→ **Given data**:
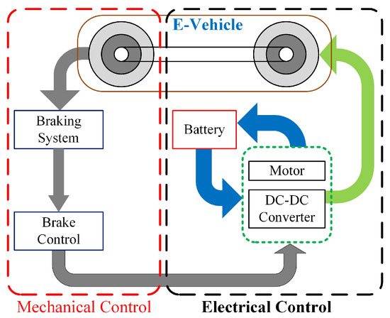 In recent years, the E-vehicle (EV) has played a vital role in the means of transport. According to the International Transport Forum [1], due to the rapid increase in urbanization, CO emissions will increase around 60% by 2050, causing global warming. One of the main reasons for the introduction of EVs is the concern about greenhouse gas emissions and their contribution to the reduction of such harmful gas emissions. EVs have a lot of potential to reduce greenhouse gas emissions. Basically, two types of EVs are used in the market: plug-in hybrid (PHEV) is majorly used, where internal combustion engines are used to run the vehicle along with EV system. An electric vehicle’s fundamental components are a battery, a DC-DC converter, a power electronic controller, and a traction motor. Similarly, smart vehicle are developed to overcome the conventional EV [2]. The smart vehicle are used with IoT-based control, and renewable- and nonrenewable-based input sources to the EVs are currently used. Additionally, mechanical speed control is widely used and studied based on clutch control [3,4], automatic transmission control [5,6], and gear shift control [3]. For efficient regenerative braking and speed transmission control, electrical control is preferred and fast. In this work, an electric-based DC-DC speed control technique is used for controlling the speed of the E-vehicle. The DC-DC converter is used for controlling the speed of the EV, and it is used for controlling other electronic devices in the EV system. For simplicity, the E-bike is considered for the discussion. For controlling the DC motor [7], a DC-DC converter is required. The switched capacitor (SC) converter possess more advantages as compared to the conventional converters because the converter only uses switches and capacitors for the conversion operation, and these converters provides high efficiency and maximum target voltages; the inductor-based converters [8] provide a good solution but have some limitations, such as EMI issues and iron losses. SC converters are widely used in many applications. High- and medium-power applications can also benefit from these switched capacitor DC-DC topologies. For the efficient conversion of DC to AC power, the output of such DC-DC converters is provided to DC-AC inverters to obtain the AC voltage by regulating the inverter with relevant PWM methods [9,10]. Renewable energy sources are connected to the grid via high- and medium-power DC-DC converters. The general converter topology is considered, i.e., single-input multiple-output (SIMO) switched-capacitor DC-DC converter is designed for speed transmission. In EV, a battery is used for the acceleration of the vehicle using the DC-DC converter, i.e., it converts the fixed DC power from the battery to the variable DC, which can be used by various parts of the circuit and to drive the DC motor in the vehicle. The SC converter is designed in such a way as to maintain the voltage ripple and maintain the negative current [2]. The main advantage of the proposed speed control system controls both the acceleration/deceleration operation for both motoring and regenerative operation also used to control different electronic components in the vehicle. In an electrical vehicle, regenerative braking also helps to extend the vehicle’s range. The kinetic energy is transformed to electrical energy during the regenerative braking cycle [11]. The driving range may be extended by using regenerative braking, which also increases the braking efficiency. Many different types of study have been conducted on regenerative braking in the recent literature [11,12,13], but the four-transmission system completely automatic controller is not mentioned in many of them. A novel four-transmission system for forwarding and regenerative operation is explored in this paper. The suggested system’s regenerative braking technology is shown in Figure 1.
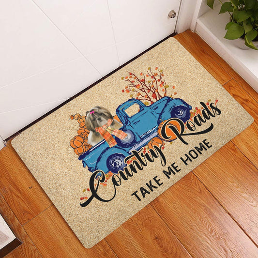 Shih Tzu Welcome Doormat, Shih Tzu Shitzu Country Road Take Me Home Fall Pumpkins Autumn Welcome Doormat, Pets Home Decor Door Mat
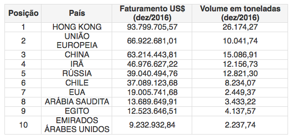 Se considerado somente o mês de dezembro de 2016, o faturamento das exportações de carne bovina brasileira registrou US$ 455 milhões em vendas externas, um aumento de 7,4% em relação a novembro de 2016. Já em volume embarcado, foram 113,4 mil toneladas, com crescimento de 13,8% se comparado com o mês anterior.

→ **Problem to solve**:
Starting at the line with "Shih Tzu Welcome", output each line through the final one of the listing above, and nothing else. Pictures are to be left out.

→ **Result**:
 Shih Tzu Welcome Doormat, Shih Tzu Shitzu Country Road Take Me Home Fall Pumpkins Autumn Welcome Doormat, Pets Home Decor Door Mat
 Se considerado somente o mês de dezembro de 2016, o faturamento das exportações de carne bovina brasileira registrou US$ 455 milhões em vendas externas, um aumento de 7,4% em relação a novembro de 2016. Já em volume embarcado, foram 113,4 mil toneladas, com crescimento de 13,8% se comparado com o mês anterior.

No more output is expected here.